3.3.18 ICFHR 2018 competition on recognition of historical Arabic scientific manuscripts (RASM2018)

The RASM 2018 competition [34] was part of ICFHR 2018 and targeted the recognition of Arabic historical scientific manuscripts through three tasks: page segmentation, text-line detection, and OCR. An example set of 15 single-column page images with PAGE XML ground truth format [132] was provided for training and 85 for evaluation to handle these tasks. As in similar competitions, the ground truth included polygon regions, text transcriptions, and metadata for each region, such as headings, paragraphs, captions, footers, and reading order. For system evaluation, the competition used the success rate and errors for the page and text-line segmentation predictions and the CA for the OCR. For page segmentation, the winning system used an FCN applied on extracted patches. The page layout predictions were further cropped for the text-line segmentation, which was performed at pixel-level using anisotropic Gaussian smoothing. The highest performance was achieved for the rest of the tasks by a Historical Arabic Handwritten/Typewritten OCR system framework. This system can handle various fonts and layouts, and in the case of the competition, an instance-based segmentation on extracted lines was performed.
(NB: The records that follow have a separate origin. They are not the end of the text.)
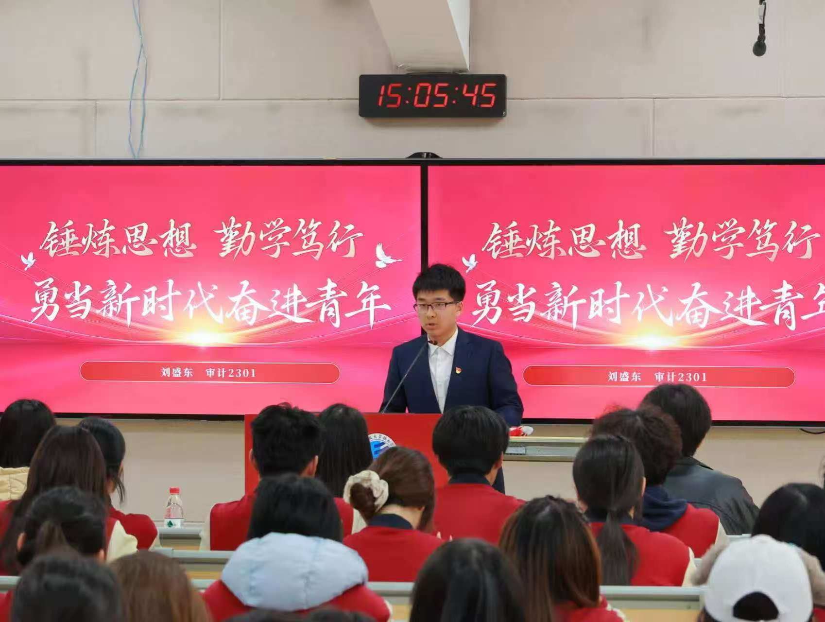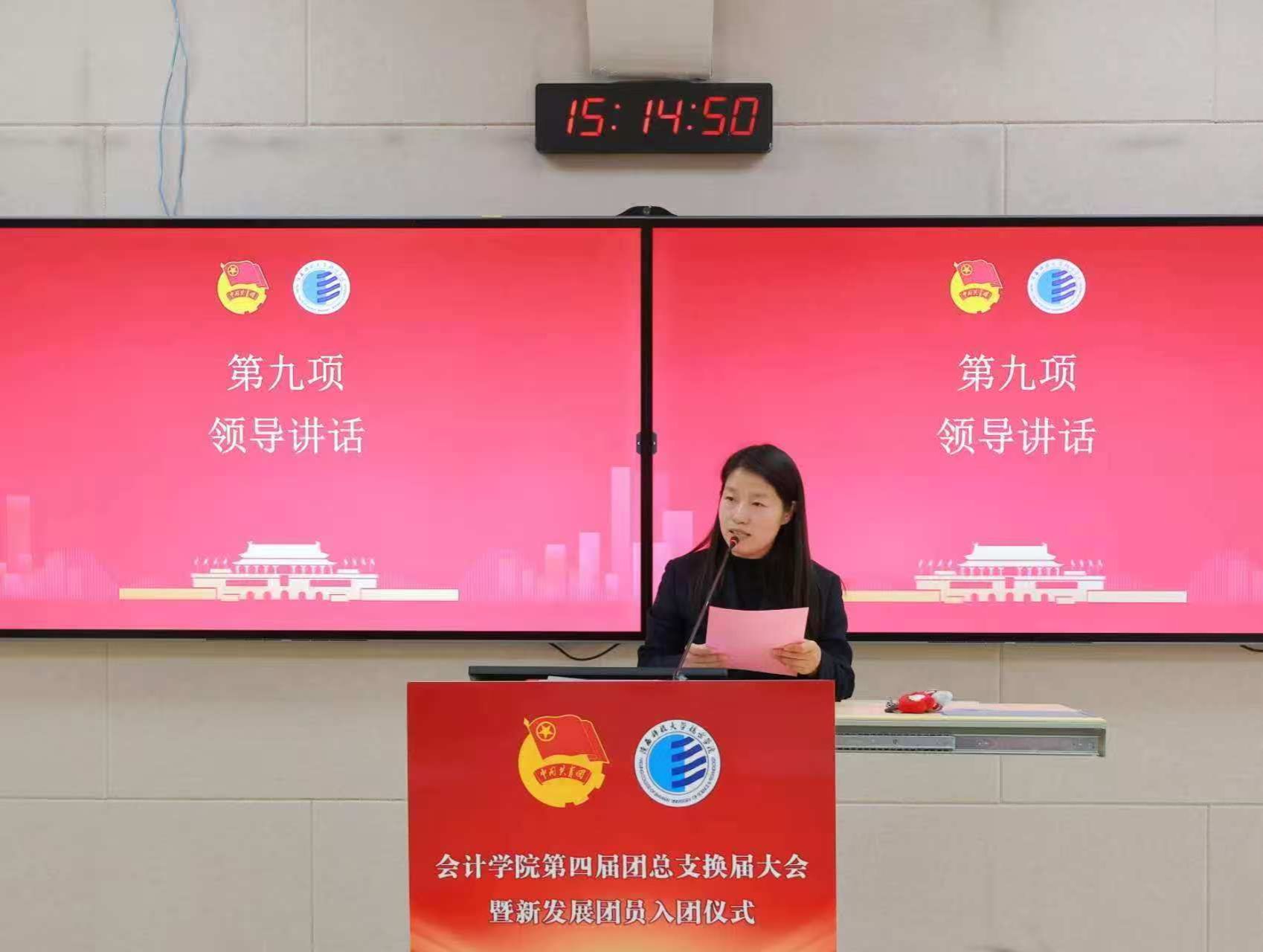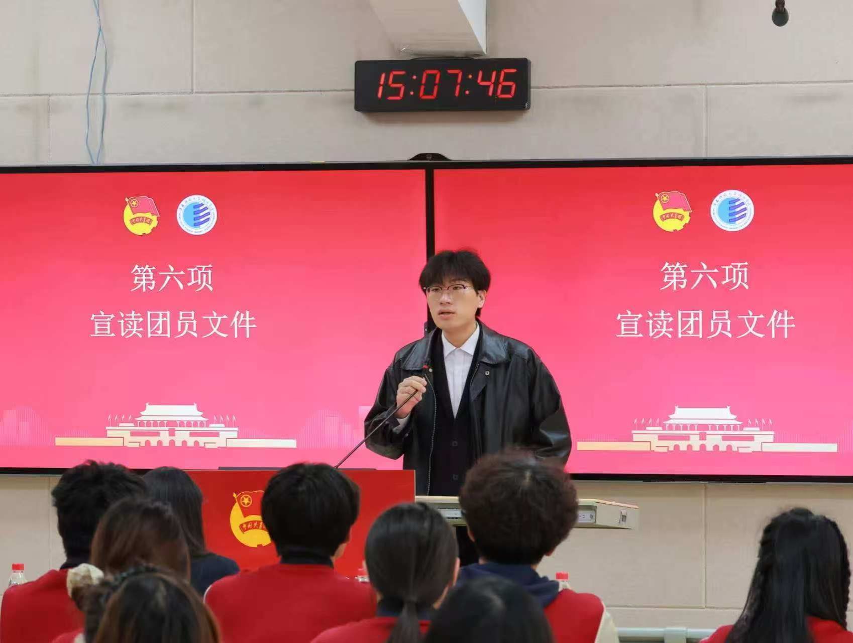 大会第六项,张瀚宇老师宣读新发展团员名单。当一串串闪耀着青春光芒的名字庄严响起,标志着又有一群优秀青年学子汇入共青团的先锋洪流,他们的信仰之路就此镌刻下崭新的人生坐标。
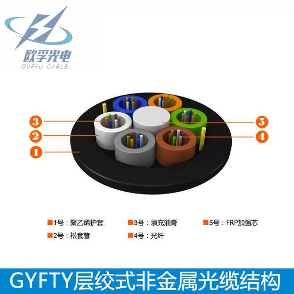 非金属光缆是指不带金属的光缆,多用于强电区或是多雷区。常用型号GYFTY光缆非金属光缆比较常用的型号有1.GYFXY或是JET中心束管式非金属光缆2.GYFTY层绞式非金属光缆3.ADSS全介质自承式光缆什么是GYFTY层绞式非金属光缆GYFTY光缆的结构是将250μm光纤套入高模量材料制成的松套管中,松套管内填充防水化合物。缆芯的中心是一根
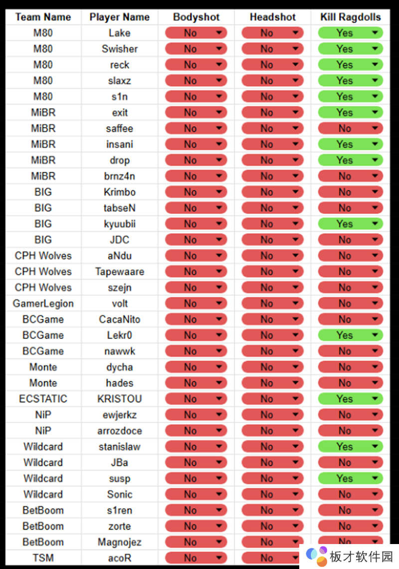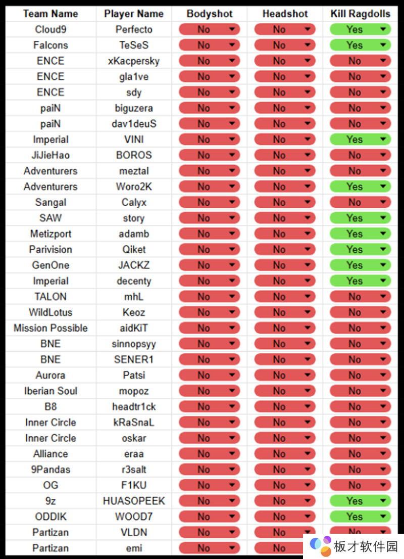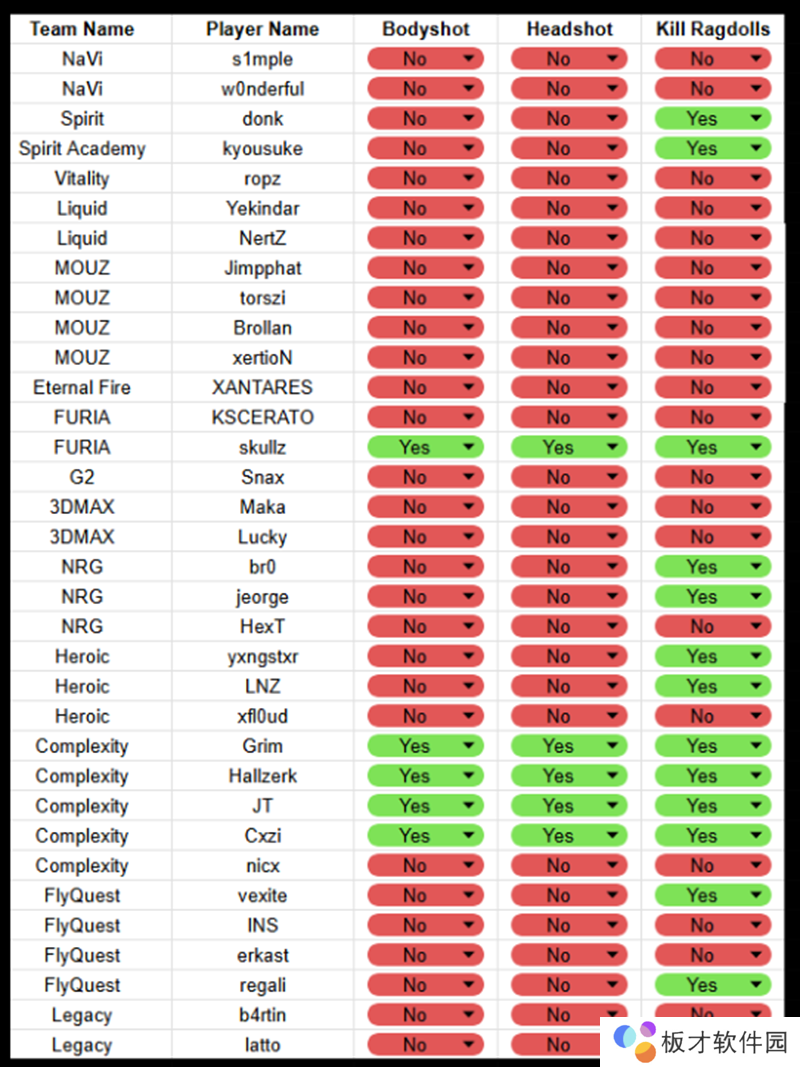 其中大部分职业哥的伤害预测三项功能都是禁用状态,唯一三项都开的只有skullz、Grim、hallzerk、JT、Cxzi五人。剩下的职业哥就算开启,大部分人也只开启最后一项,也就是“预测击杀布娃娃效果。”比如donk、kyousuke等就是其中的代表。

3.3.19 ICFHR 2018 competition on document image analysis tasks for Southeast Asian palm leaf manuscripts

The Southeast Asian palm leaf manuscripts competition [87] offered four tasks: binarization, text-line segmentation, isolated character/glyph recognition, and word transliteration. This competition included manuscripts in three languages: Balinese, Khmer, and Sundanese. For Balinese, Khmer, and Sundanese language sets, the Amadi_Lontarset dataset presented in Sect. 3.3.8, the SleukRith dataset presented in Sect. 3.3.9, and the Lontar Sunda dataset presented in Sect. 3.3.12, respectively, were utilized. The results for each separate language set are presented in the corresponding dataset sections. In this section, we will present the overall results of the competition. The system that obtained the highest FM and PSNR values for binarization used Gaussian operators and a nonlinear function to enhance the images. Then, the enhanced images were finally segmented with a threshold of 0.9. The same system achieved a value of 0.17 NRM that underperformed the best value by only 0.01. In challenge B, text-line segmentation, the best and only DR, RA, and FM values were achieved by using the binarized images from Challenge A and the horizontal projection profile to perform line segmentation. Challenge C, character recognition, was evaluated according to the recognition rate, and the highest value was obtained by using a dense 100-layer CNN architecture that classifies similar characters. Finally, in Challenge D, the best performing system achieved a 5.62% CER on the mixed sets using a CNN-RNN encoder–decoder architecture with an attention mechanism.

3.3.20 ARDIS

Arkiv Digital Sweden (ARDIS) [94] is a handwritten digit dataset collection derived from historical church records. ARDIS contains four different datasets: Dataset I, which contains 10K 4-digit string images that represent a year, Dataset II, which contains single digits of classes 0-9, Dataset III, which is the same as Dataset II but is cleansed from noise, and Dataset IV, which is the same as Dataset III but is in grayscale and is similar to the highly used MNIST Database [98]. Dataset II - IV contain 7,600 digit images. Several experiments using CNN, SVM, HOG+SVM, k-NN, random forest, and RNN classifiers were presented. The results of training using the MNIST and USPS [77] datasets and testing on ARDIS reveal the diversity of the ARDIS dataset as the highest RA obtained reaches \(58.80\%\), while training and testing on ARDIS gives a performance of \(98.6\%\). In all experimental cases, the best performance was achieved by the CNN digit classifier.

3.3.21 OBC306

OBC306 [76] is a dataset of 309,551 images for Oracle Bone character recognition distributed across 306 character classes. This dataset consists of patch samples derived from different sources from full image publications of oracle bones. For patch extraction, an oracle bone character list and dictionary were used to retrieve all characters and extract them from the source images to assign them to a class and a specific encoding. The challenges faced in the dataset are the class imbalance and the numerous variants of each character. The evaluation results of widely used CNN architectures [72, 92, 170, 173], and a classical method of HOG descriptors with SVM [41] were presented, and Inception-v4 [173] achieved the best performance. Although the dataset is hand carved, we characterize it as handwritten in Table 1 for homogeneity reasons.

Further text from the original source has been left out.